LTX 2.3 Trainer (V2) - Keyframe Interpolation (Training) API on fal

LTX 2.3 Trainer — Keyframe Interpolation (`/interpolate`)

Overview

The `/interpolate` endpoint trains a LoRA for the LTX 2.3 model that generates the video between keyframes. During training, the first and last frames (and optionally a middle frame) of each clip are kept clean and the model learns to generate the in-between motion. At inference you supply a start image and an end image (and optionally a middle image), and the model produces a smooth video connecting them.

Key features:

Learns first + last (optionally + middle) keyframe → video interpolation.
Optional middle keyframe for first+middle+last interpolation.
Trains on plain video clips (plus optional captions) — keyframes are taken from each clip automatically.
Video-only (no audio is learned).

Dataset Format

Provide a single `.zip` archive (linked via `training_data_url`) of plain videos:

Videos: `.mp4`, `.mov`, `.webm`, `.mkv`, `.avi`
Captions: a `.txt` with the same base name as each video (optional but recommended).

Images are rejected (there is nothing to interpolate over time on a still). The first and last frames of each clip (and the middle, if enabled) become the kept keyframes; the model learns to generate the rest. Aim for at least 10 clips. File names must be unique across the archive.

Minimum clip length: with `auto_scale_input` off (the default), each video should have at least `number_of_frames` frames (default 89, ≈ 3.7 s at 24 fps). Shorter clips are dropped during preprocessing; if no clip is long enough, the run fails with no usable training data. Turn on `auto_scale_input` to resample shorter clips to the target frame count instead.

Input Parameters Reference

Dataset

`training_data_url` (required)

Type: `string`

URL to the `.zip` archive of videos.

`trigger_phrase`

Type: `string` Default: `""`

Phrase prepended to captions during training; include it at inference.

Training Parameters

`rank`

Type: `integer` (`8`, `16`, `32`, `64`, `128`) Default: `32`

LoRA capacity.

`number_of_steps`

Type: `integer` Default: `2000` (range `100`–`20000`)

Number of optimization steps.

`learning_rate`

Type: `number` Default: `0.0002`

Optimization step size.

`include_middle_keyframe`

Type: `boolean` Default: `false`

When true, a middle keyframe is also kept (first + middle + last → video) instead of just first + last. When enabled, every validation sample must also provide a middle keyframe image.

Video Configuration

`number_of_frames`

Type: `integer` Default: `89` (range `9`–`121`)
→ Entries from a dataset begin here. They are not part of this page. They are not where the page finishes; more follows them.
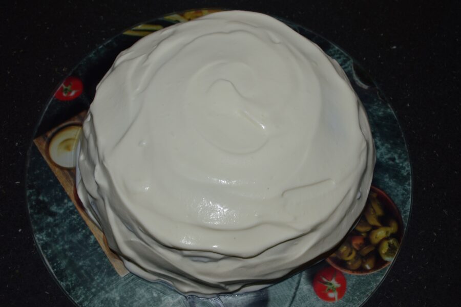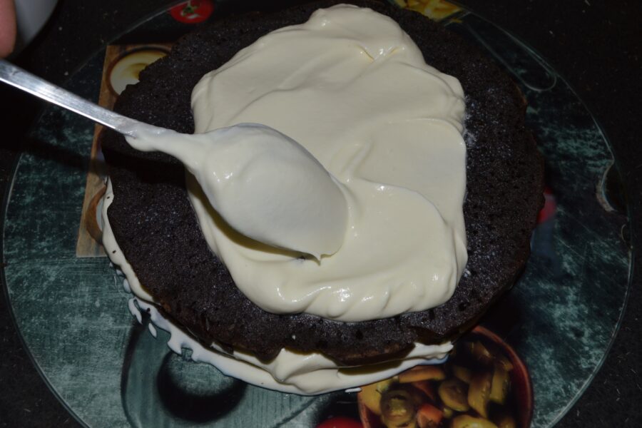 - Then spread the cream on top, using plenty of it, as this amount of ingredients will be enough for the whole cake.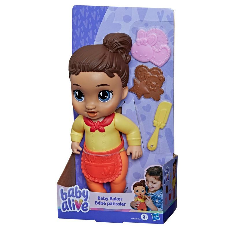Sirva uma deliciosa guloseima com o conjunto de boneca Baby Alive Baby Baker! Vem com acessórios Baby Alive desenvolvidos para imaginar histórias doces inspiradas na confeitaria. Prepare a boneca Baby Alive Gigi Giggles para a diversão na cozinha colocando seu avental plástico sobre a roupa inspirada em padaria. Em seguida, use o acessório de espátula para imaginar que está misturando um lanche delicioso! Por fim, finja alimentar o bebê com seus biscoitos de brinquedo! Os acessórios de comida para bebê em plástico permitem que as crianças tenham a diversão da brincadeira de alimentar sem nenhuma bagunça ou necessidade de limpeza! Esta boneca Baby Alive Gigi Giggles morena possui cabelo moldado em plástico e braços e pernas móveis. Imagine assar uma receita divertida com os playsets Baby Alive, brinquedos de comida e bonecas para meninas e meninos!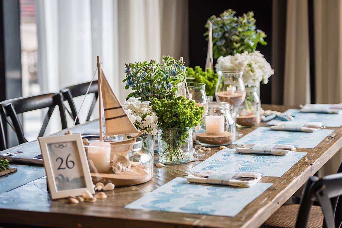 כדי לחבר בין העיצוב הגרפי לעיצוב האירוע, בחרו גם ליצור מספר מרכזי שולחן המתאימים למוטיב הימי, כמו כלי זכוכית שקופים מלאי חול וצדפים או סירות מפרש דקורטיביות.
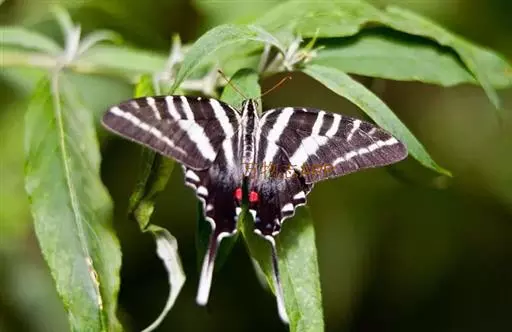 斑凤蝶,Chilasa clytia ,属于凤蝶科,外观拟态成青斑蝶,翅膀具条状与块状的灰白色斑纹…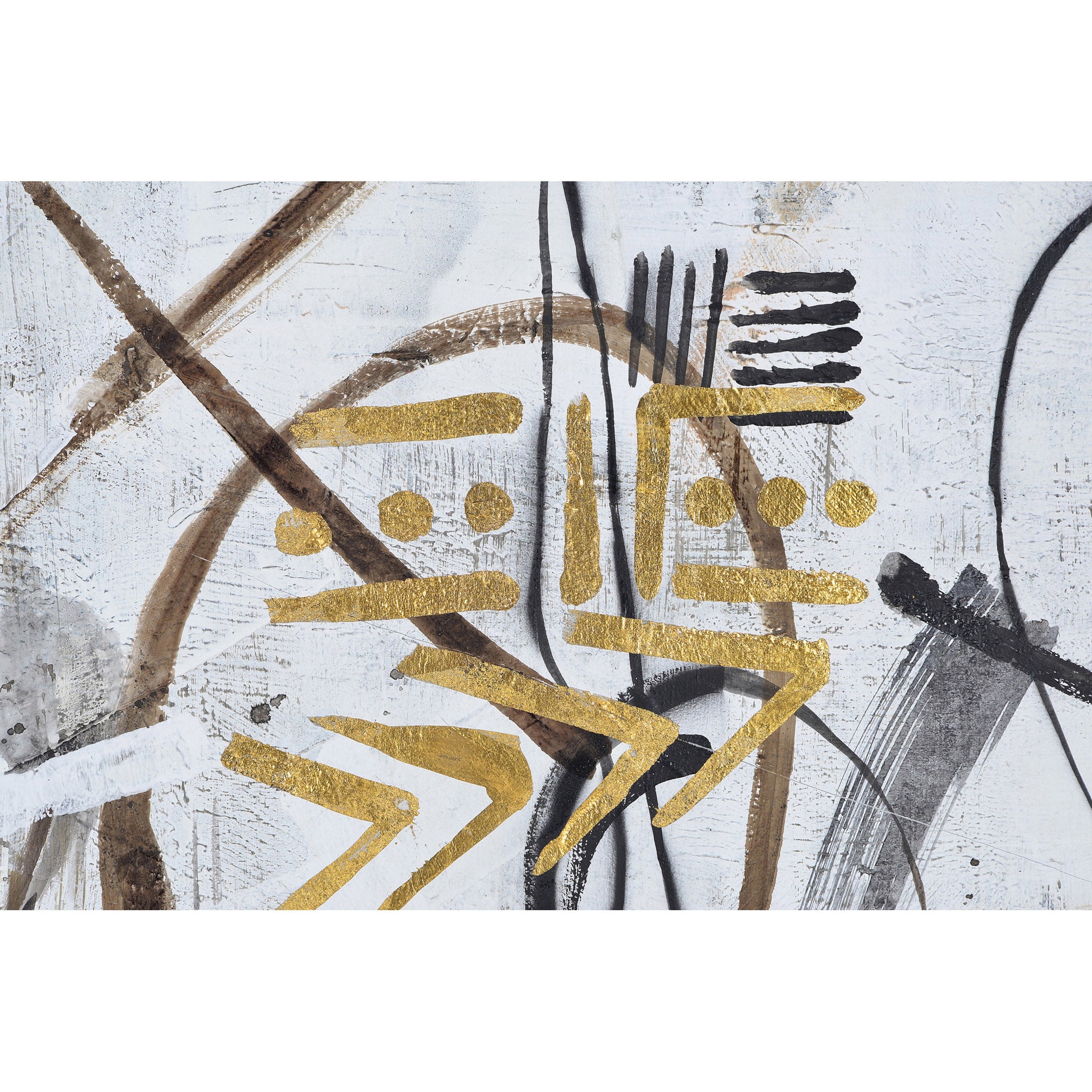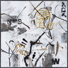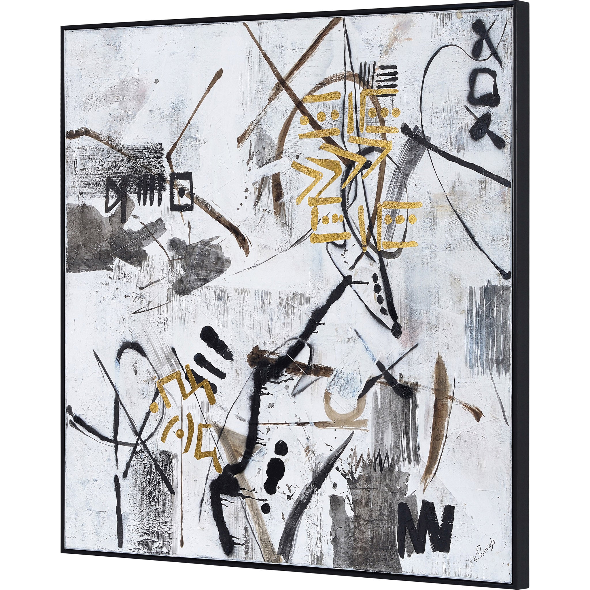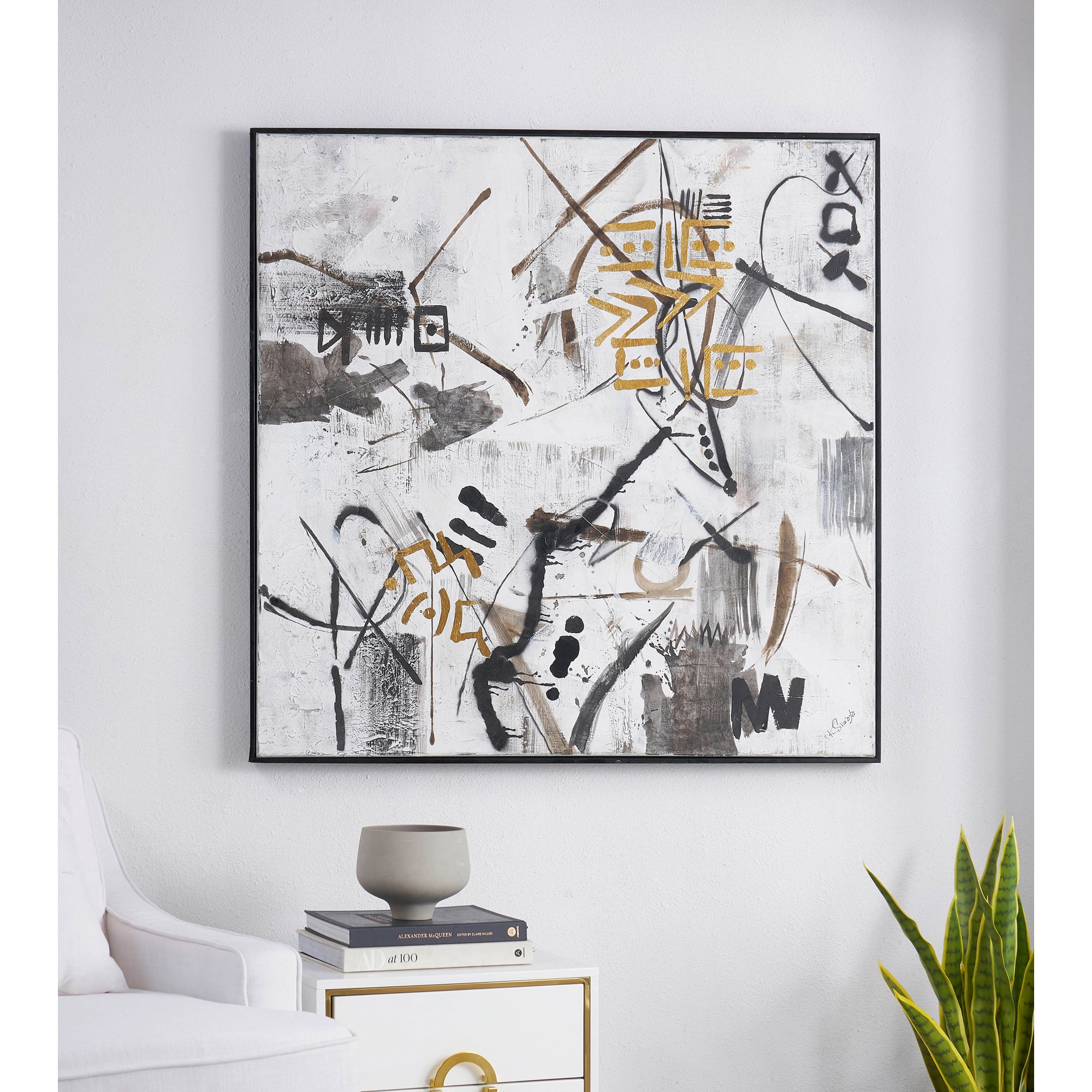 The modern interior takes on an artistic urban energy with this piece of textured art. Set against a square Cotton Canvas, the captivating graffiti-style prints intertwine with glimmers of golden sheen. While abstract in design, its blend of elements allows one to create their own story from its imagery.

Frames per training clip. Must satisfy `frames % 8 == 1`; other values are snapped down to the nearest valid count.

`frame_rate`

Type: `integer` Default: `24` (range `8`–`60`)

Target frames per second.

`resolution`

Type: `string` (`low`, `medium`, `high`) Default: `medium`

Resolution	16:9	1:1	9:16
low	512×288	512×512	288×512
medium	768×448	768×768	448×768
high	960×544	960×960	544×960

`aspect_ratio`

Type: `string` (`16:9`, `1:1`, `9:16`) Default: `1:1`

`auto_scale_input`

Type: `boolean` Default: `false`

Fit videos to the target frame count and frame rate.

`split_input_into_scenes`

Type: `boolean` Default: `true`

Split long clips into scenes before training.

`split_input_duration_threshold`

Type: `number` Default: `30.0` (range `1.0`–`60.0`)
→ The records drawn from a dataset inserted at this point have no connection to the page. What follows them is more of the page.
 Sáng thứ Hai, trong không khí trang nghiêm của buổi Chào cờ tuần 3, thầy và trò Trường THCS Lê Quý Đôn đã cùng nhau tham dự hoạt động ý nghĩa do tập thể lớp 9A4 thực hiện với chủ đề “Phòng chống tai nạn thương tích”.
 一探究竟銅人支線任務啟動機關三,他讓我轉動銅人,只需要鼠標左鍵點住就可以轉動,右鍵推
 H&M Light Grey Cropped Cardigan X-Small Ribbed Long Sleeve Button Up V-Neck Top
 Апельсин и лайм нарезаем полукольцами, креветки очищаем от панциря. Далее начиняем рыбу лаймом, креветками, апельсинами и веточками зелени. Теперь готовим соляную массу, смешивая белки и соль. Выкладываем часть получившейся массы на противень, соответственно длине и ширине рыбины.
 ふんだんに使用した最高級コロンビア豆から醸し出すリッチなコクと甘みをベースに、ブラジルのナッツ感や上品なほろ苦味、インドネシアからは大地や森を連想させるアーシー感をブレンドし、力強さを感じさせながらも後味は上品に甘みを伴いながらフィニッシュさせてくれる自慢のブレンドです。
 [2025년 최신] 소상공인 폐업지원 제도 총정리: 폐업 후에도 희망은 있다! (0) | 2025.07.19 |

Duration above which a clip is eligible for scene splitting.

Validation

`validation`

Type: `array` Default: `[]` (max 2 entries)

Validation samples, each an object with:

`prompt` (`string`) — the text prompt.
`start_image_url` (`string`, required) — the first-frame keyframe image.
`end_image_url` (`string`, required) — the last-frame keyframe image.
`middle_image_url` (`string`, optional) — a middle keyframe image; required when `include_middle_keyframe` is true.

`validation_negative_prompt`

Type: `string` Default: a built-in quality negative prompt.

`validation_number_of_frames`

Type: `integer` Default: `89` (range `9`–`121`)

`validation_frame_rate`

Type: `integer` Default: `24` (range `8`–`60`)

`validation_resolution`

Type: `string` Default: `high`

`validation_aspect_ratio`

Type: `string` Default: `1:1`

`stg_scale`

Type: `number` Default: `1.0` (range `0.0`–`3.0`)

`debug_dataset`

Type: `boolean` Default: `false`

Return an archive of the preprocessed data for inspection.

Outputs

`lora_file` — the trained LoRA weights (`.safetensors`).
`config_file` — JSON describing the trigger phrase and training type.
`video` — combined validation reel (when validation samples were provided).
`debug_dataset` — preprocessed-data archive, only when `debug_dataset` is enabled.

Billing

A successful run is billed `max(100, number_of_steps)` billable units. Requests that fail before training completes (input-validation errors / HTTP 422, or dataset-download failures) are billed 0 units.

How the Training Works

Pipeline Overview

Preprocessing — the archive is extracted, clips fit to the resolution bucket (optionally scene-split), and a temporal pattern is built per clip that keeps the first and last (and optionally middle) frames clean.
Training — the kept keyframes are held fixed and the model learns to generate the in-between frames. Validation previews run at intervals.
Output — the LoRA, config, and validation reel are uploaded.

What Happens to Your Data

Archive extraction: the `.zip` is unpacked; macOS metadata and hidden files are ignored.
Video fitting: clips are resized to fill the resolution bucket and center-cropped; with `auto_scale_input` they are resampled to the target frame rate/count.
Keyframe selection: the first and last frames (and the middle, if enabled) of each clip are kept clean as the keyframes; the rest is the generation target. This happens automatically.
Captions: the trigger phrase (if set) is prepended.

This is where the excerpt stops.